Previous studies show that there is an average of 0.2 breakdowns on each on kilometre of the Wellington motorway on any particular day.
If a towing service wants to be available to tow vehicle that has broken down, what length of the motor way would they have to patrol to have a probability of 0.75 of being close to at least one breakdown.
Confusion
Since we are given the average (0.2) intuitively it almost feels like I can do this
$$ \frac{0.75}{0.2} . 1 = 3.75km$$
as if we double the amount of kilometres then we double the probability. We can't and I don't understand why. Because it seems like a rectangular distribution where the probability is the same throughout each kilometre.
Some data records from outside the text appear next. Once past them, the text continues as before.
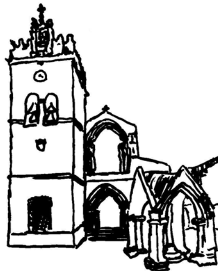
Fig. 1 – Igreja de Nossa Senhora da Oliveira

Mas, ao longo dos tempos teve numerosas alterações. A torre da Igreja só foi construída mais tarde, no século XVI.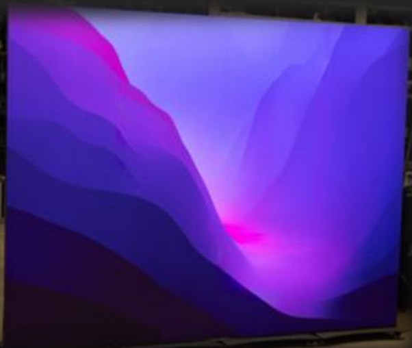
H 6' x L 8', soit 4 totems de largeur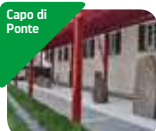
» Museo Nazionale della Preistoria della Valle Camonica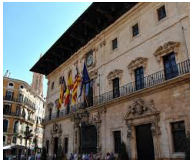
Ajuntament de Palma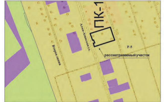
9. Земельные участки общей площадью 2427,5 кв.м по адресам: массив 17 км, ул. Алма-Атинская, от з-да им. Масленикова, участок 38; 17 км, участок № 37; массив 17 км., от завода им. Масленикова, ул. Алма-Атинская, участок № 40; 17 км. завода им. Масленикова, СТ ГПШ "ЗиМ", 3-я линия, участок № 39. Изменение части зоны P-5 на зону Ц-2 (Заявитель – Майоров Н.А.)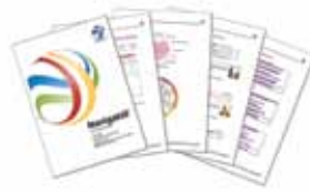
Salgeffektivitetsprofil 360grader: salgskompetencer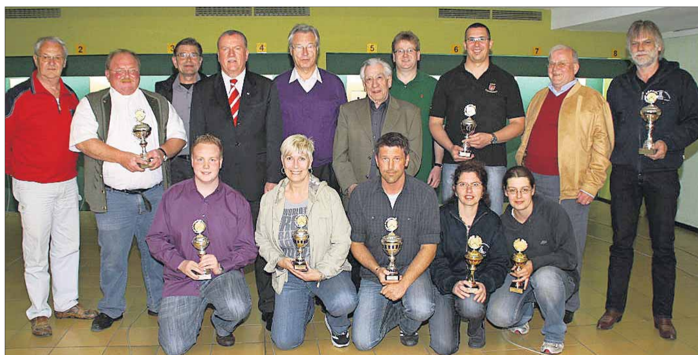
Siegerehrung im großen Vereinsring-Pokal-Turnier mit dem Verein IG Hund und Mensch an der Spitze.

Hotel „Weßner Hof“, 2 x 3 Gänge-Menü am Abend, Eintritt zur Landeshortschau in Rosenheim, Schnaps-Probe, Chiemsee-Schiffahrt zur Herren- und Fraueninsel mit Aufenthalt, Abschlußabend Preis 195 Euro. Anmeldungen nimmt Joschi Burghardt Tel: 67231 entgegen.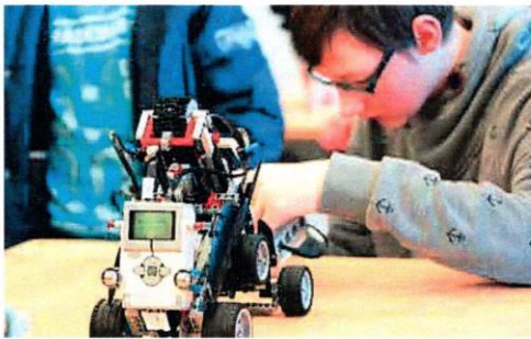
Seit Januar sind die Lego Mindstorms EV3 Roboter in den DAZ-Klassen im Einsatz.

wurde bereits beim NAWI-Tag, einem gemeinsamen Projekttag von ca. 100 Viert- und Fünftklässlern an der Eider-Nordsee-Schule gelegt. Eine von vier Stationen waren die „Lego Mindstorms“ an denen die Kinder gemeinsam mit älteren SchülerInnen des WPU arbeiten konnten. Aufgaben waren das Zusammenbauen einer Legofigur nach Anleitung und einfache Programmierungen am PC (z.B. Ansteuern eines Motors, Geräusche erzeugen). Außerdem gab es eine kleine Projektpäsentation von drei Neuntklässlern, die einen Treppensteiger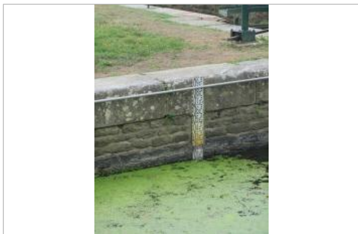
Ecluse de Grenouliere à Bréhan échelle amont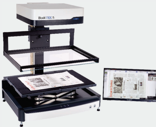
Scannen von Zeitungen bis A2 mit flacher Glasplatte

Die Buchwippe ermöglicht perfekte Scans bei gleichzeitiger Schonung der Buchbindung. Die V-Glasplatte kann mit einfachen Handgriffen entfernt werden. Je nach Bedarf kann der BookTEK nun mit flacher Glasplatte oder ganz ohne Glasplatte verwendet werden.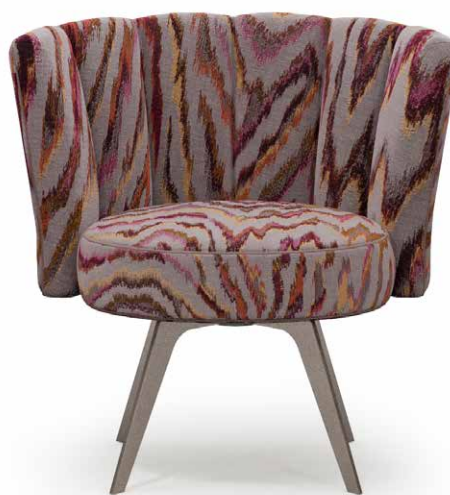
DIVA - VALENZA Z598 - 06

Tutte le immagini sono inserite a scopo illustrativo, i colori sono puramente indicativi e possono differire dai toni reali. All images are shown for illustrative purposes, the colors are purely indicative and may differ from the real tones. Toutes les images sont présentées à titre d'illustration, les couleurs vues sur l'écran sont purement indicatives et peuvent différer des tons réels.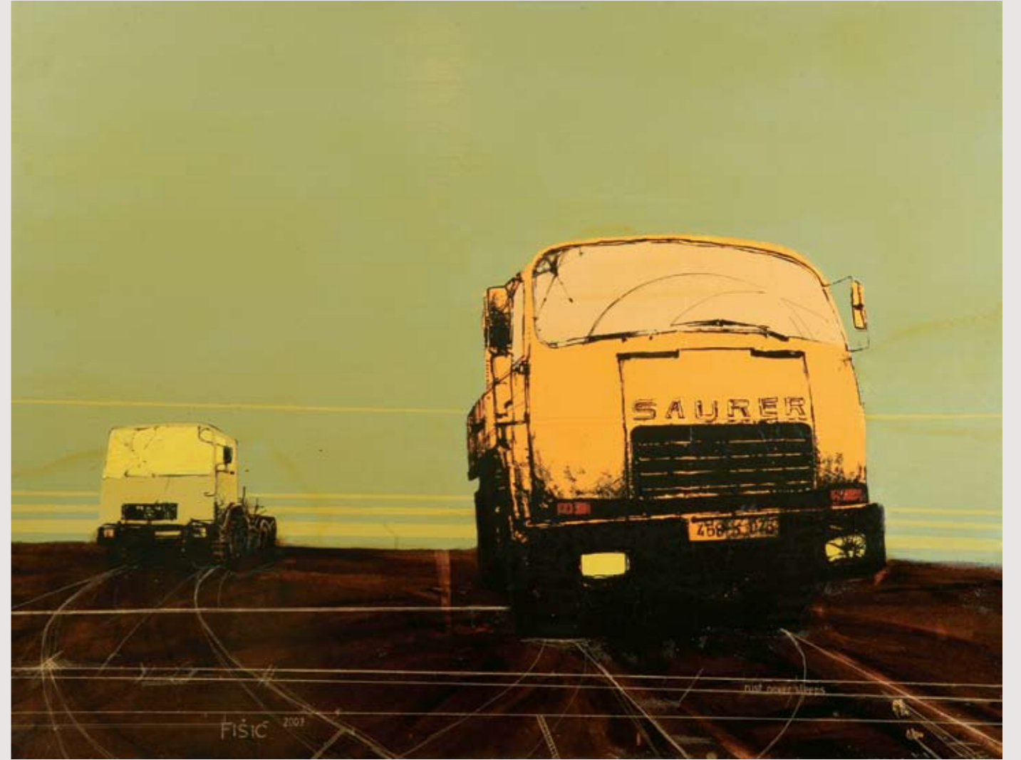
Rust Never Sleeps 3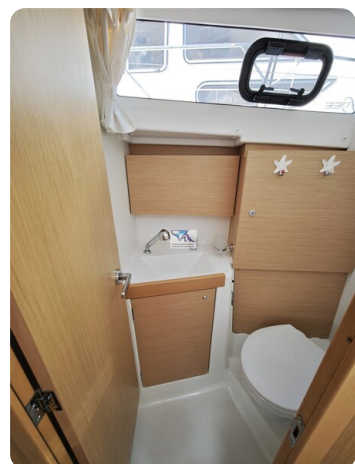
Oceanis 35.1 32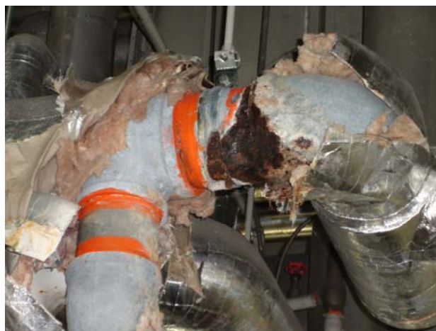
② ボイラー配管破損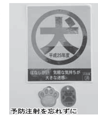
予防注射を忘れずに

トランプルは発生しています。また、動物に対し虐待行為を疑うような報告事例もあります。これらの問題を解決していくためには、飼い主が動物の習性や生体を理解して飼育するだけではなく、動物を飼っていない人も、動物の命を大切にしよう。配慮しましょう。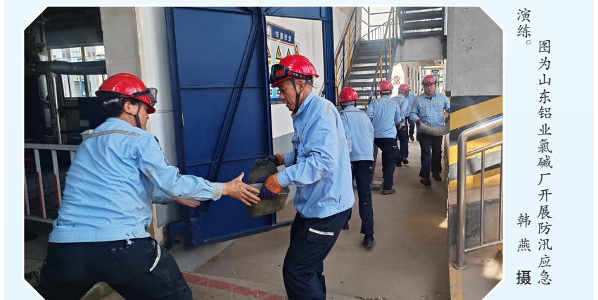
演练 图为山东铝业氯碱厂开展防汛应急演练。

本报讯 连日来，中铝集团各单位围绕“人人讲安全 个个会应急——畅通生命通道”主题，积极开展“安全生产月”系列活动，通过开展安全生产应急演练、安全知识有奖竞赛、安全隐患排查整治等形式，全面提升员工安全意识和能力素养，为企业安全生产奠定坚实基础。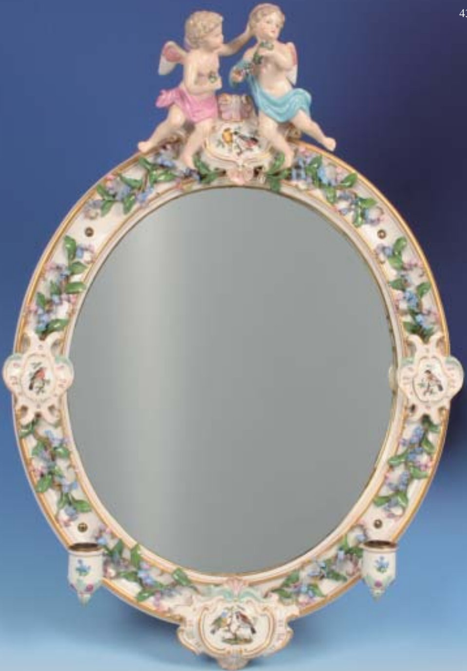
Aussergewöhnlicher „Spiegel“ Belegt mit plastischen Vergissmeinnichtblütenranken, sowie Kartuschen mit „Vogelmalerei“. Bekrönung von zwei Putten. H.: 54 cm Meissen 1815-1860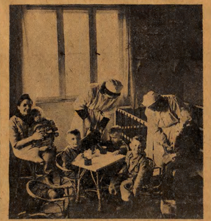
W Izbie Dworcowej Ligi Kobiet na stacji Łódź - Kaliska matki i dzieci mogą odpocząć po trudach podróży.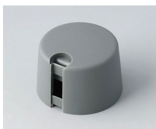
A1024648 Ручка TOP-KNOB 24 ПА 6 вулкан 24x16mm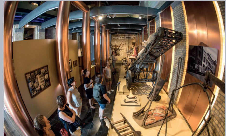
▲ Visiteurs dans la salle de maintenance du parcours permanent.

Enfin, dans les visiteurs provenant de notre région, 49 % sont des habitants du territoire de la CUD.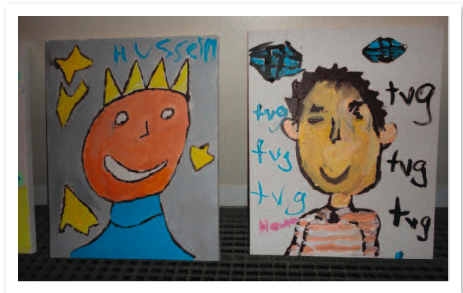
Fine resultater fra en maleraften i Mjølnerparken.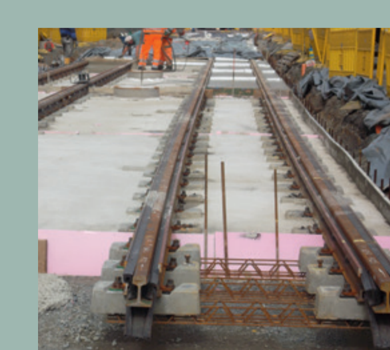
Hochelastische Schienenlagerung auf der Leonhardstraße

Elastische Schienenlagerung Mit speziellen Gummiprofilen oder Unterlagen im Bereich des Schienenfußes wird das Gleis elastisch gelagert. Durch Einfederungen von ca. 1,5 mm werden Schwingungen aus dem Gleis wirksam gemindert.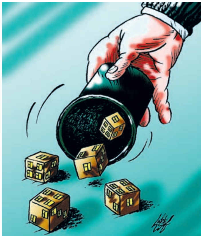
ИЛЛУСТРАЦИЯ: ОЛЕГ ЛОЖТКОВ/САТКОСОВАЯ. RU

С трашный сон раньше не завершится скоро, даже если эпидемия коронавируса пойдет на спад. К началу осени съемные квартиры и комнаты могут подешеветь еще на 15%, а к концу года и на треть. В процессе живого общения с потенциальными арендаторами собственники жилья уже сейчас готовы уступить 20–30% от объявленной ранее цены. Происходящее связано с объективными обстоятельствами: на рынке резко уменьшилось число платежеспособных клиентов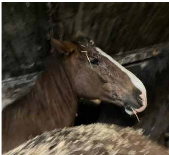
Det er tydeligt, at hestene ikke passes.

Desværre ser det rigtig skidt ud. De heste, der stod tilbage på Viegård er nu flyttet til ny adresse, hvor forholdene absolut heller ikke er i orden. Fødevestyrelsen kommer jævnligt forbi med påbud - senest den 7.1.25, hvor der ingen vand var, hestene går i lavtloftede bygninger, bliver ikke tilset for skader, flere heste er for tynde, heste kommer ikke ud og der står for mange heste på for lidt plads.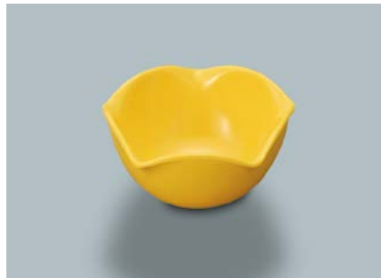
G-795 Y (イエロー) 小付 85 × 42 ・ 105ml ¥480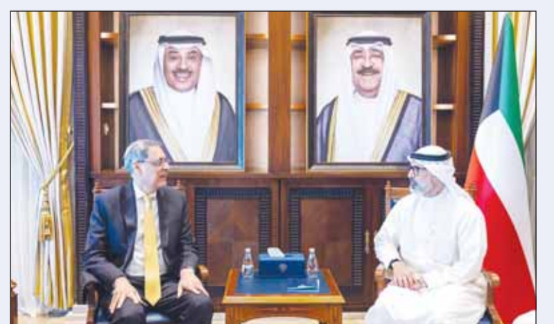
نائب وزير الخارجية مستقبلا الوكيل المساعد للشؤون الخليج بوزارة الشؤون الخارجية الهندي

ترأس نائب وزير الخارجية السفير الشيخ جراح جابر الأحمد أمس اجتماع لجنة الحدود الذي عقد في ديوان عام الوزارة. تم خلال الاجتماع بحث المواضيع كافة المدرجة على جدول الأعمال بالإضافة إلى التطورات ذات الصلة باختصاصات اللجنة. من جهة أخرى، استقبل الجابر الوكيل المساعد لشؤون الخليج بوزارة الشؤون الخارجية في الهند عصام مهاجان بمناسبة زيارته الرسمية للبلاد لغرض وفد بلاده المشارك في اجتماعات الجولة السادسة للمشاورة السياسية بين الكويت والهند.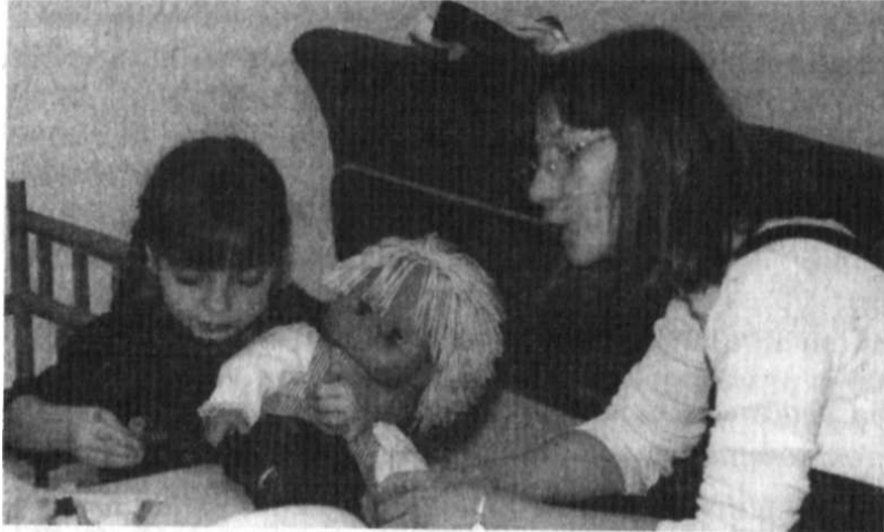
Діти звичайно проігрують сімейні сюжети з допомогою

Терапевтичні відносини можна встановити і підтримувати, тільки якщо терапевт розуміє мову дитини. Можливо передбачити, що все, що дитина робить і каже в ігровій кімнаті, має значення. Однак навіть для досвідченого терапевта непросто зрозуміти ті повідомлення, які містяться в грі дитини. Запитувати дитину про сенс його гри часто марно. Результатом цього буде опір і мовчання. Підходящі іграшки полегшують для терапевта завдання розуміння дитячої гри. Так, наприклад, діти звичайно проігрують сімейні сюжети з допомогою кукол, зображують маму, тата і дітей. В відсутність таких кукол дитина може символічно грати в сім'ю, використовуючи великі і маленькі дерев'яні кубики. Але точне значення цього повідомлення може сослизнути від терапевта. Коли дитина ударяє кубики один об одного, це може означати і покарання, і сексуальний контакт, а може бути, дитина просто випробовує терпимість терапевта до шуму. Коли дитина засовує олівець в точилку, це також може означати сексуальний контакт, а може означати тільки те, що олівець треба поточити. Однак якщо дитина кладе куклу-тата на куклу-маму, у терапевта

Another way to frame the question is to say that, on average, a towing service would need to patrol $5$ kilometers to see one breakdown. The random number of breakdowns $X$ observed in $k$ kilometers is modeled as a Poisson distribution with rate $\lambda = 0.2k$; that is to say, $$\Pr[X = x] = e^{-\lambda} \frac{\lambda^x}{x!}, \quad x = 0, 1, 2, \ldots.$$ So the probability of observing at least one breakdown in $k$ kilometers of patrolled road is $$\Pr[X \ge 1] = 1 - \Pr[X = 0] = 1 - e^{-\lambda} = 1 - e^{-0.2k}.$$ All that's left is to note that we want to find the smallest $k$ for which this probability is at least $0.75$; i.e., to solve $$1 - e^{-0.2k} = 0.75.$$
The reason why your solution doesn't work is because if $0.75$ were replaced with $1$, then it would mean that you would be guaranteed to find a breakdown within a $5$ kilometer patrol region. But this is not what the question stipulates. Rather, it simply says that on average, there is one breakdown in a given $5$ kilometer stretch of road.